The strong El Niño in the Pacific Ocean is becoming even more powerful, setting the stage for an unusually wet winter in California that could bring heavy rains by January, climate experts said.
The National Weather Service’s Climate Prediction Center said El Niño is already strong and mature, and is forecast to continue gaining strength. This El Niño is expected to be among the three strongest on record since 1950.
“It’s official. El Niño’s here. It’s a done deal,” said Bill Patzert, climatologist for NASA’s Jet Propulsion Laboratory in La Cañada Flintridge. “So at this point, we’re just waiting for the impacts in California.”

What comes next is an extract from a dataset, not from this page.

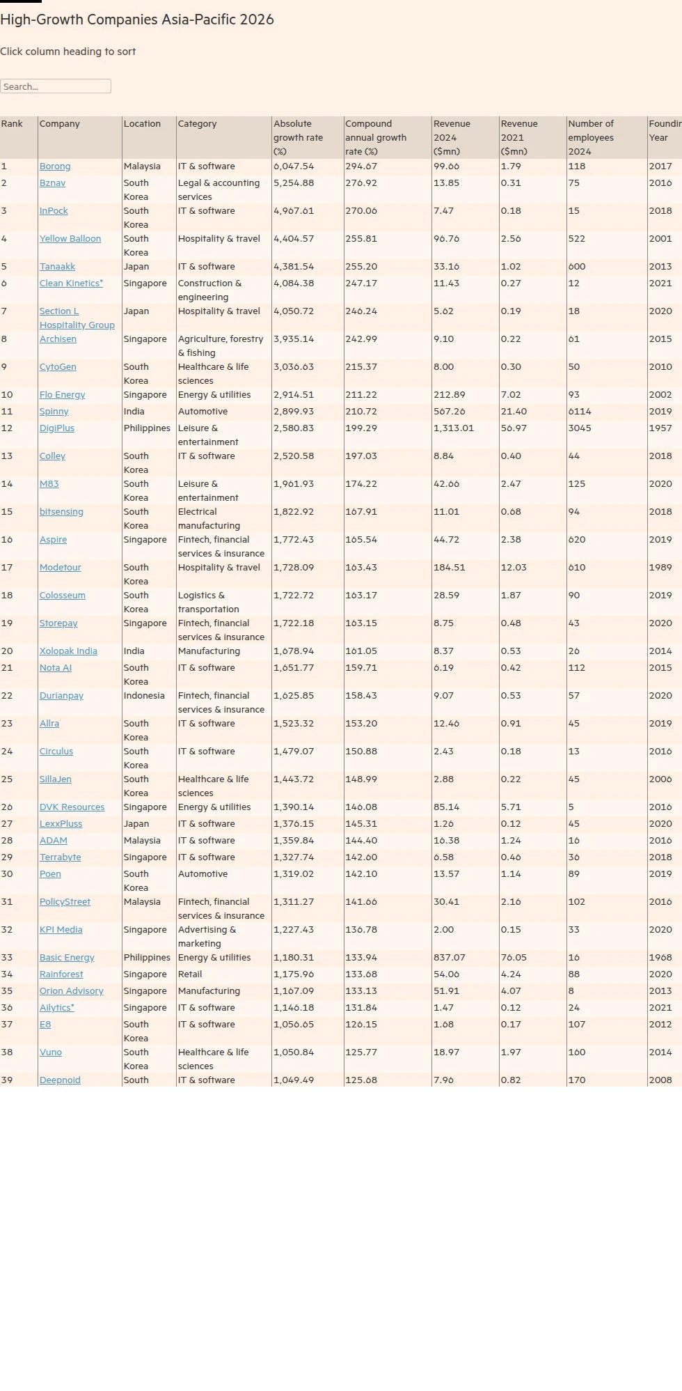 High-Growth Companies Asia-Pacific 2026 is a list of the 500 companies in the Asia-Pacific region that achieved the highest percentage growth in revenues between 2021 and 2024.
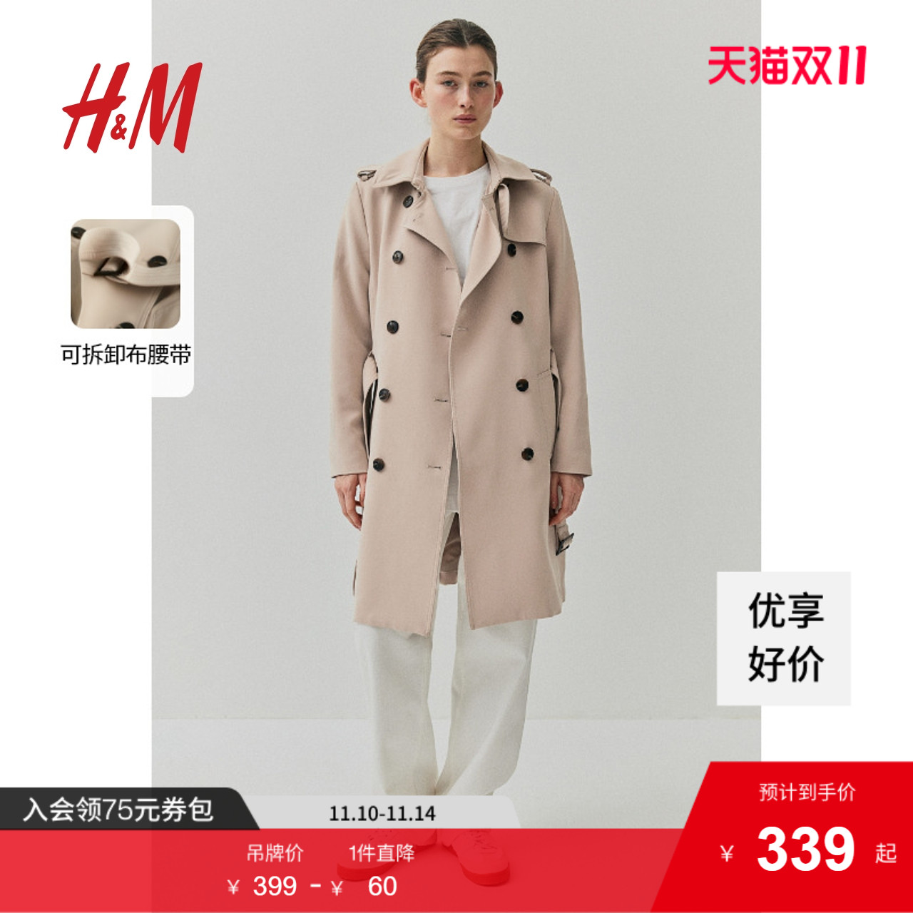 HM女装风衣秋季时尚气质修身通勤梭织双排扣外套1037529

Generally, El Niño doesn’t peak in California until January, February and March, Patzert said. That’s when Californians should expect “mudslides, heavy rainfall, one storm after another like a conveyor belt.”January and February are just around the corner. If you think you should make preparations, get off the couch and do it now. These storms are imminent,” he said. “El Niño is here. And it is huge.”
On Nov. 4, sea surface temperatures in a benchmark area of the Pacific Ocean west of Peru hit 5 degrees above average, outpacing the abnormally warm temperatures seen at this time of year in 1997, which developed into the strongest El Niño on record.
El Niño has already caused major effects across the world, fueling an active and unusually powerful hurricane season in the eastern Pacific Ocean, including Hurricane Patricia, which hit Mexico last month.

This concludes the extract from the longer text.